-- Opening Marker --
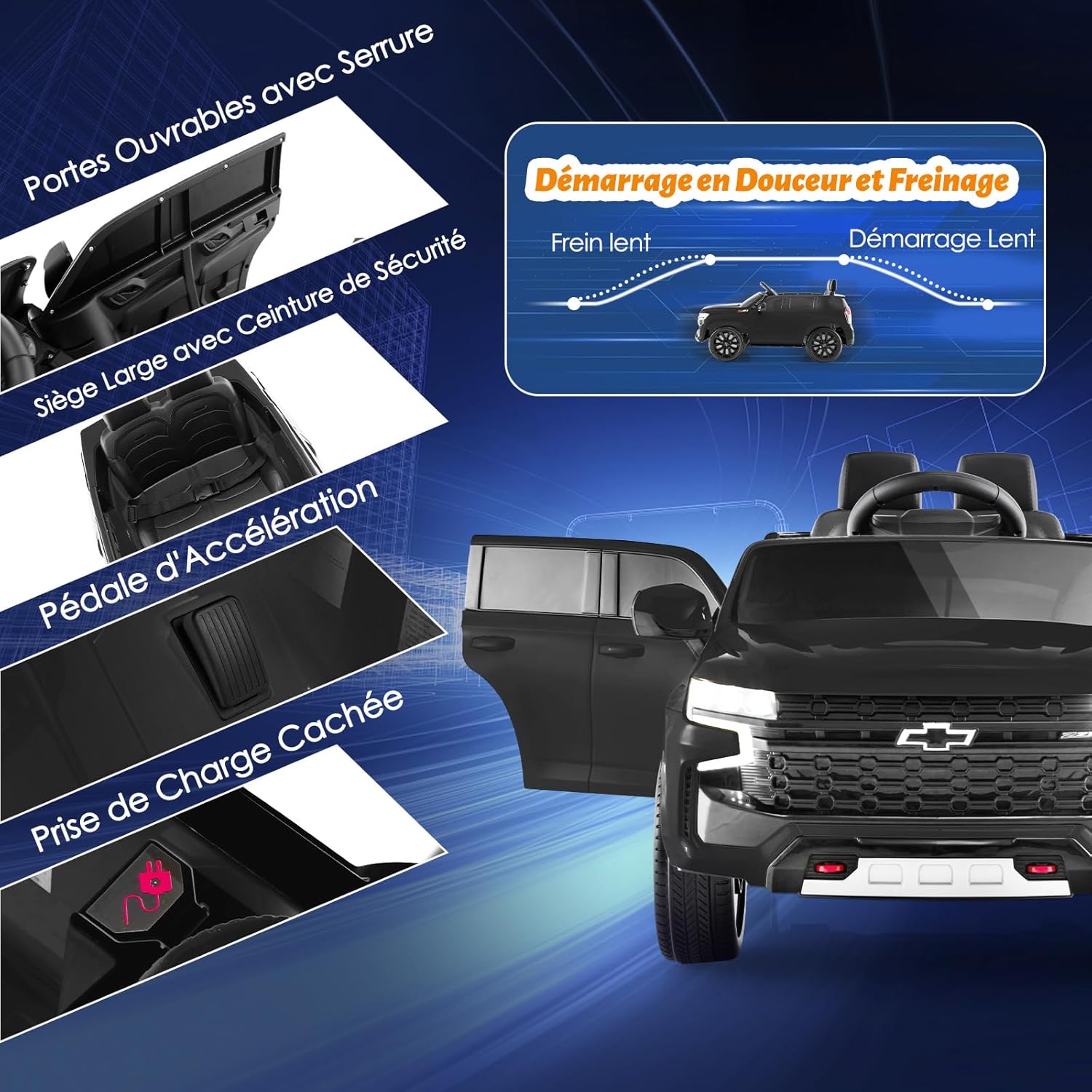 - Performance Élevée : Alimentée par 2 moteurs robustes de 35 W, cette voiture électrique atteint des vitesses élevées. Ses 4 roues résistantes à l'usure avec suspensions à ressort assurent une conduite en douceur sur divers terrains. La batterie rechargeable 12 V offre un temps de jeu prolongé pour un divertissement sans fin.Embarquez pour une aventure passionnante avec notre voiture électrique pour enfants 12 V, soigneusement conçue pour la sécurité et l'excitation. Fabriquée en PP durable et métal robuste, cette voiture assure la sécurité de votre enfant. Le design impressionnant du SUV Chevrolet Tahoe imite un véritable véhicule de luxe, avec des phares fonctionnels, des feux arrière et un tableau de bord lumineux captivant qui ravira les jeunes conducteurs. Les parents peuvent guider leur petit facilement avec la télécommande 2,4 G dotée de 3 vitesses variables, accompagnée du bouton de démarrage, de la pédale d'accélérateur et du volant pour une expérience de conduite réaliste
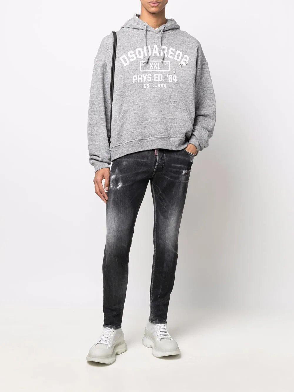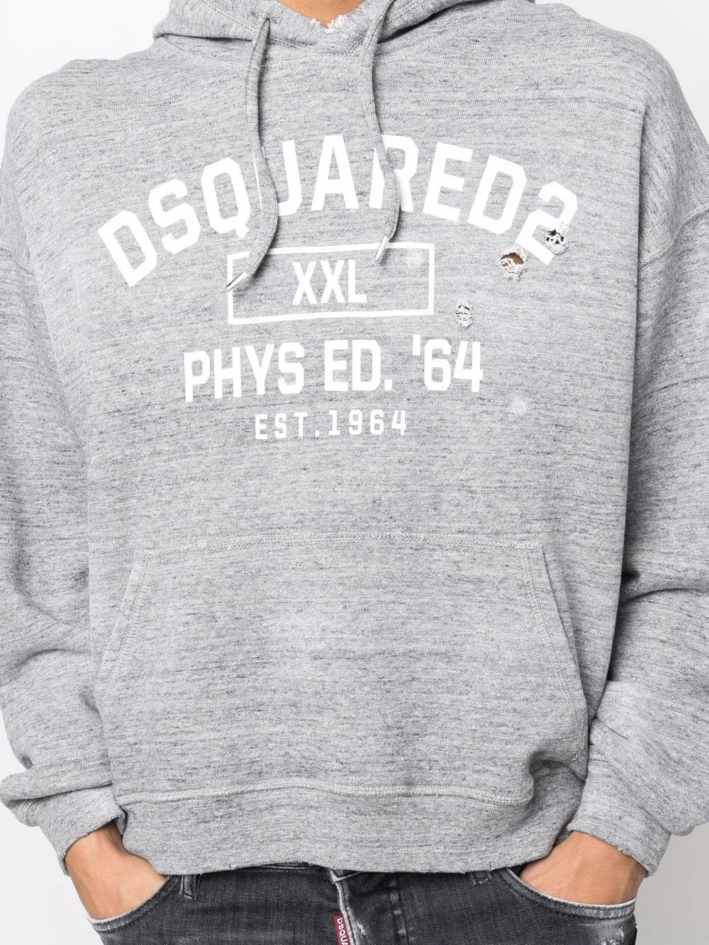 Худи с эффектом потертости и логотипом DSQUARED2, серый
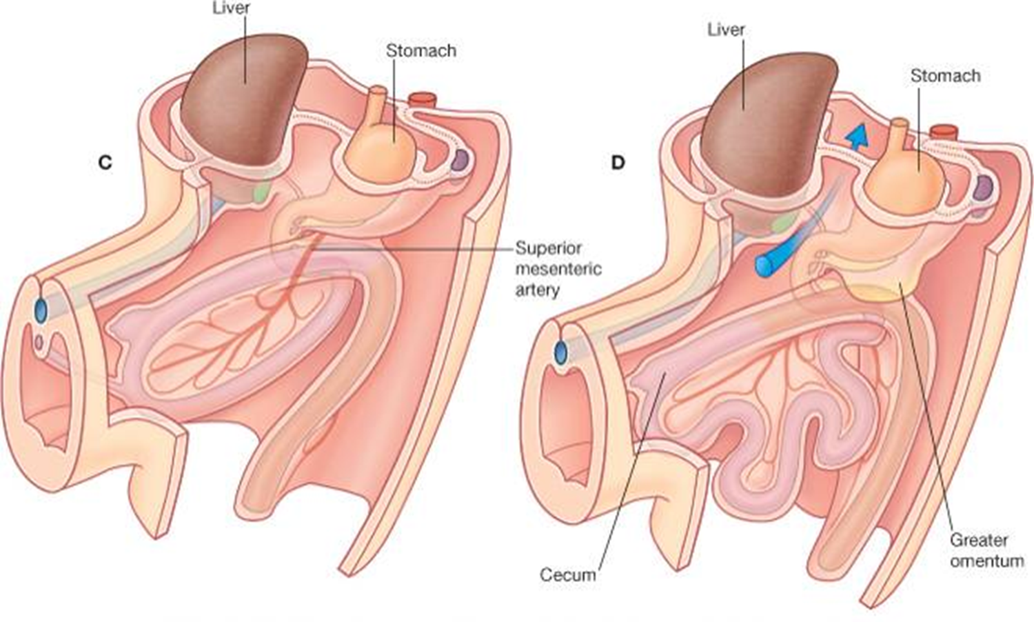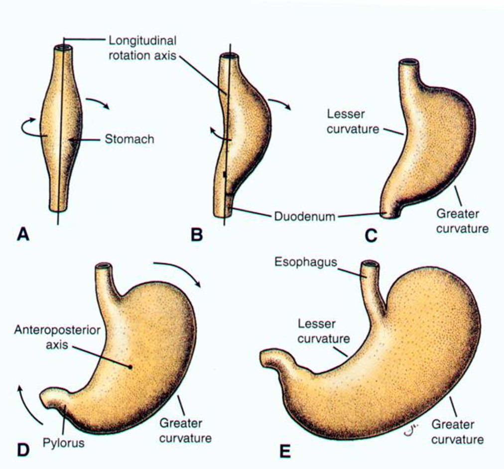As the stomach grows, it rotates slowly, 90° clockwise around its longitudinal axis
-- Closing Marker --
* REQUIREMENT *
Exact reproduction is required for the lines from the one containing "Худи с эффектом" through the end of the material, and for those lines only, without pictures.

* RESPONSE TO THIS TASK *
 Худи с эффектом потертости и логотипом DSQUARED2, серый
As the stomach grows, it rotates slowly, 90° clockwise around its longitudinal axis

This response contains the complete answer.